Dean stared out the window for a while before he muttered, "I have to stay with Sam."

"Who's…how old?"

"Nine."

"And he needs a babysitter."

He shrugged and went on looking out the window.  There was less to be seen out that way than out the front, unless you considered the back end of the shed to be interesting.

"He know how to shoot?" Lila asked.

He nodded.

"Well, hell, then.  They started leavin' me alone when I was six."

"It's different," Dean said.

"I don't see how.  What's he, delicate or somethin'?"

He fussed with the soda can for long enough that she knew he was deciding what to tell her.  How much he ought to talk about his life.  "It ain't none of your damn business" shot out of somebody's mouth pretty much every day around the Holler, but if you came down to it, there were no secrets here.  Not a bit of anything that somebody didn't see, or overhear, or figure out.  People sleeping with people they had no business sleeping with.  Fights and killings and deals, robberies and vandalism.

"My mama went off with Daddy's friend Harlan," she said.  "The two of 'em got shitfaced down't the roadhouse in Hadley, and on the way back he hit a tree goin' upwards of ninety miles an hour."

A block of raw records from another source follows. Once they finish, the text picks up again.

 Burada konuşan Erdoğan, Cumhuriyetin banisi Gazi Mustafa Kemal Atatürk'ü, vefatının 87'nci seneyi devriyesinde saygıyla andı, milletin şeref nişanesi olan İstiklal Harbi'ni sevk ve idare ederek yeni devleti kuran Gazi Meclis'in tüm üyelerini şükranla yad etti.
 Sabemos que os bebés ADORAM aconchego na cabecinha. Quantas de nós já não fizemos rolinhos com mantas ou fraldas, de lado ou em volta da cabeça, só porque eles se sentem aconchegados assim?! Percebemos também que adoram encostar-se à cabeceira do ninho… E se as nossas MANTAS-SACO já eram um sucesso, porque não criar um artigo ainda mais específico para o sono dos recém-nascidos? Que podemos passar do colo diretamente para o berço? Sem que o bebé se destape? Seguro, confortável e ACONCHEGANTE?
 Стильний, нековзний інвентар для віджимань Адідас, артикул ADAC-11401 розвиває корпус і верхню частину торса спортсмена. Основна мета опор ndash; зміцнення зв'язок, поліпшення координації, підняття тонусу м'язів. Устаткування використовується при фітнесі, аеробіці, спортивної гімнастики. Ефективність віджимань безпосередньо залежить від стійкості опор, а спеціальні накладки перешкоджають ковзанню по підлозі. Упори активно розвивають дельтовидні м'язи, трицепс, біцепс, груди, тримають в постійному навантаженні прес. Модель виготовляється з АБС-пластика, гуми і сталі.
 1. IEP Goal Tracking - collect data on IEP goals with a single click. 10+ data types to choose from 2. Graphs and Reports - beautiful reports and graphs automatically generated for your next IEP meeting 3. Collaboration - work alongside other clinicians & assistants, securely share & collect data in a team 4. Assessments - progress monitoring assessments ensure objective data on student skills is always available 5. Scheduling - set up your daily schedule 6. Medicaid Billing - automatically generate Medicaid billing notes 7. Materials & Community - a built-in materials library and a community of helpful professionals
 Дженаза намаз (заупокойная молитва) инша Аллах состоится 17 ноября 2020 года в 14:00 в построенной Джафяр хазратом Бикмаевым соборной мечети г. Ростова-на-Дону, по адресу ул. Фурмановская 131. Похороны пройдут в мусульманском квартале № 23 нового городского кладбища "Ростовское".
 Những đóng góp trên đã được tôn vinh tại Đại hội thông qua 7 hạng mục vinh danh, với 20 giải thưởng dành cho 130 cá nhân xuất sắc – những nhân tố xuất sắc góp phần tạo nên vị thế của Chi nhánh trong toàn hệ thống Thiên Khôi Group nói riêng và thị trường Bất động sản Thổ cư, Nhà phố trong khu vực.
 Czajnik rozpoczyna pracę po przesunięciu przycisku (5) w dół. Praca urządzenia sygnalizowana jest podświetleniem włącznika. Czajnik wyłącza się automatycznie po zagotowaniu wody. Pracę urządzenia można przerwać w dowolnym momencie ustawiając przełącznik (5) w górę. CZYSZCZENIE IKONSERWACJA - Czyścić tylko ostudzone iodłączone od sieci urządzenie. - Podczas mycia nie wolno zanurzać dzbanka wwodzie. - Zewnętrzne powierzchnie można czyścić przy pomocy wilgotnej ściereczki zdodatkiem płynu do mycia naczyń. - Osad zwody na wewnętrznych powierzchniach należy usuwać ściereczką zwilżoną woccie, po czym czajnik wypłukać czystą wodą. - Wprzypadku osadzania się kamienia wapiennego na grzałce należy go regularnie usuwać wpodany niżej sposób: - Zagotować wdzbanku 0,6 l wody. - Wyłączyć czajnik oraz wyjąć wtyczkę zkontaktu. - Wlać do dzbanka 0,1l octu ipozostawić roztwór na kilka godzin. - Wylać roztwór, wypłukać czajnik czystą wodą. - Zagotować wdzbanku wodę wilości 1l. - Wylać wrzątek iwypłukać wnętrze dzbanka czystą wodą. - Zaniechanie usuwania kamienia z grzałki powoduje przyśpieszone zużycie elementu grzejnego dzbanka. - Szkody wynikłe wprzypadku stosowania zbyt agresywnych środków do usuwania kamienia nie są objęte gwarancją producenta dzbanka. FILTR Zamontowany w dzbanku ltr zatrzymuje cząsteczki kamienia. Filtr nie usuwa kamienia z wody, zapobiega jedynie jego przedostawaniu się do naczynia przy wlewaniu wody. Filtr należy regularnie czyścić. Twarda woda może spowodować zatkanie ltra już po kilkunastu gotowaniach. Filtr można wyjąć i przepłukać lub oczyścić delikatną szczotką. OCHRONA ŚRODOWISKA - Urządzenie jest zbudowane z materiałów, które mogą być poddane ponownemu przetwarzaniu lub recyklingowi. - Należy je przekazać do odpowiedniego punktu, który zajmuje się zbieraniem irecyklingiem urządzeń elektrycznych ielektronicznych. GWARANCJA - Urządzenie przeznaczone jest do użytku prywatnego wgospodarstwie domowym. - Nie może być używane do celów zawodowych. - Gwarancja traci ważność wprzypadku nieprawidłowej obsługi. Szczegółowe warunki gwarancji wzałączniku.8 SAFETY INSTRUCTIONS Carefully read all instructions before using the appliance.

Dean thought that over for a while.  Then he said, "I'm sorry."

"I don't think it much matters what killed 'em," Lila told him.  "All I know is, it was fucked up, and they're dead.  You want a sandwich?  I'll make you a sandwich.  God only knows when they'll be back.  We could be eatin' supper at two in the morning."

"It's just a salt and burn," Dean said.

Damn, but he was earnest.

"You never been here before, have you?" Lila asked.  When he shook his head, she told him, "There's bodies buried in places where there ain't even places, goin' back almost three hundred years.  This holler's full of the angry dead."

"My dad -"

"You smoke weed?" Lila asked.  "Drink?  You pop your cherry yet?"

"What's that got to do with anything?"

"You can hear 'em sometimes, in the middle of the night.  Yeah, maybe it's just the wind.  But the old folks'll tell you. There's people who were born here and never left.  Don't know how to leave, and that don't change when they're dead.  The ones your daddy and mine and th' others are lookin' for, they might not think a salt-and-burn's a good plan."

"But I don't understand -"

"That's the thing," Lila said.  "You got a long way to go before you do."

He bristled at that.  Had to, because he had ideas about himself.  She let him do it for a couple of minutes, while she put together a sandwich on a plate and set it down in front of him.

"You ever kill anybody?" she asked him then.

He looked at her, hard and unblinking, but the toughness didn't last long.  "No," he said.

"You will," she said softly.  "Best you can hope for's that you don't get to like it."

Then she pushed open the swinging door and left him alone with his food.